Contrast Obama's Soviet-style central planning with the viewpoint of Madison, who wrote: "Government is instituted to protect property of every sort; as well as that which lies in the various rights of individuals, as that which the term particularly expresses. This being the end of government, that alone is a just government, which impartially secures to every man, whatever is his own." ("Property", National Gazette, 1792.)
Is Obama promoting the American ideal of government when outlining sundry government "investments"? No, he is using the innocent-sounding concept of "investment" to distract from actions Madison would consider anathema to the proper end of a just government.

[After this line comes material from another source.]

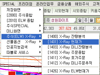 키움 영웅문 메뉴에서 'SPECIAL -> 주식(ELW) X-Ray -> [1401] X-Ray 현재가'를 누릅니다.

When asked what had been created after the Constitutional Convention of 1787, Benjamin Franklin forewarned: "a Republic, if you can keep it". And therein lies the essential remedy. Pointing to particular politicians or public policies is merely pointing to the symptoms. In order to strike at the root cause, however, it is the responsibility of each citizen to be not only eternally vigilant against the Potemkin distortions of America's founding principles, but to reeducate oneself on exactly what those principles are.
Let us not be Catherines, eager for the quick-fix and instant gratification, and thus become blind to whitewashed falsehoods. The consequence will be not just some crumbling structures in a backwater, but the death of the American Dream.